Across the streets of the UK, different drugs are being sold to those struggling with various types of addiction. One of the most devastating drugs is heroin, and the resulting heroin addiction destroys lives. This drug continues to be a plague in the lives of so many individuals, and dealers are making a small fortune selling this drug to those who desperately need it.
However, undercover police officer Neil Woods, who spent fourteen years infiltrating various drug gangs, says that prescribing the drug to addicts is definitely something worth considering. An experiment by the US Government, where addicts were prescribed heroin, actually does work in terms of reducing harm and crime, says Mr Woods. Unfortunately, the experiment was shut down.
After spending years mixed up with drug users and dealers, Woods turned his back on police work to become a campaigner for drugs law reform. He said that Dr John Marks’ experiment into the prescription of heroin for users was ‘the most significant study’ into heroin addictions.
Dr Marks found a legal loophole that allowed him to prescribe heroin to addicts in Widnes in the eighties and nineties. Woods said that the results were ‘astonishing’. He said results included a reduction in certain crimes such as burglary by ninety-three per cent, thieves being able to hold down jobs, and prostitutes leaving the sex trade.
The underground market for heroin dramatically decreased, which led to dealers leaving the area. With the dealers gone, there was no one to push drugs, and this resulted in a reduction in the number of individuals developing heroin addiction as well as problems with other drugs, according to Woods.
He revealed that the programme, which had begun in 1982, was scrapped in 1995 when the White House put pressure on the then UK government to shut it down. He said, “Dr Marks was ‘vilified’ before having to emigrate to New Zealand.”
Woods does not believe that current drugs policies work, and he said that governments are clinging on to the idea that the best policy for battling drug issues is prohibition. He stated that they refuse to consider evidence and results that show these policies should be ‘quashed’.
Woods pointed to the heroin prescription programme in Switzerland, which was based on the study by Dr Marks, and how this has had an eighty per cent success rate in terms of getting heroin addicts weaned off the drug.
He believes that ‘all drugs are more harmful and problematic’ because of the way the criminal market works. In his book Good Cop, Bad War, he points out that criminalising drugs only leads to higher levels of brutality, and says that police tactics cause gangs to adapt, therefore allowing them to monopolise markets across smaller towns from the cities where they are based.

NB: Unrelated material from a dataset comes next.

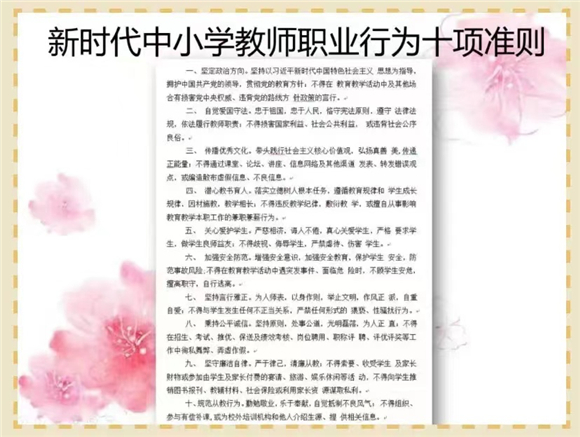 师以德为本,育师先育德。最后,全体教师签订遵守《新时代中小学教师职业行为十项准则承诺书》并一致表示:明确履行立德树人的神圣职责,维护教师的光荣形象,把承诺化为自觉行动,规范自身从教言行,用人格和学识魅力去影响和教育学生。

Woods now believes that his work as an undercover police officer may have caused ‘more harm than good’. His belief rests on the fact that, despite combined sentences of 1,000 years for members of the gang he infiltrated, his work only resulted in the supply of drugs being interrupted for around seven minutes.
During his time working undercover, Woods was part of the operation to take down the notorious Burger Bar Boys gang. Members of this gang would rape those who could not pay the money they owed for drugs. They preyed on those with illnesses such as heroin addiction and would instil fear in all who bought from them.
Nevertheless, Woods also worked in Brighton, where he believes dealers would tamper with the heroin they were supplying in order to cause overdoses as a way to scare those buying the drugs from them. Throughout his time undercover, he has learned one thing – decriminalisation of drugs is more effective than prohibition. He said, “The more you police it, the nastier the organised crime gangs get.”
On the Widnes experiment, he said, “I would say it’s the most significant study on heroin addiction that’s ever been done. It was over ten years, over a long period of time. It was stopped because of pressure from the American government when the paper was published about the success. Dr John Marks couldn’t work in the UK and had to emigrate.”
He is now hopeful that things could change here in the UK as there are more politicians willing to consider a change in policy. He added, “It’s very difficult to get politicians to consider it, but there are more now across the parties who are willing to look at the evidence. Things are changing.”
He believes that by moving the drug issue away from enforcement and focusing on dealing with it as a health problem, more drug treatment services could easily be afforded. He said, “Only 10% of drug users have a problem with that (any particular) drug, so chasing the 90% who don’t is a little heavy-handed but criminalising the 10% that do is simply cruel.”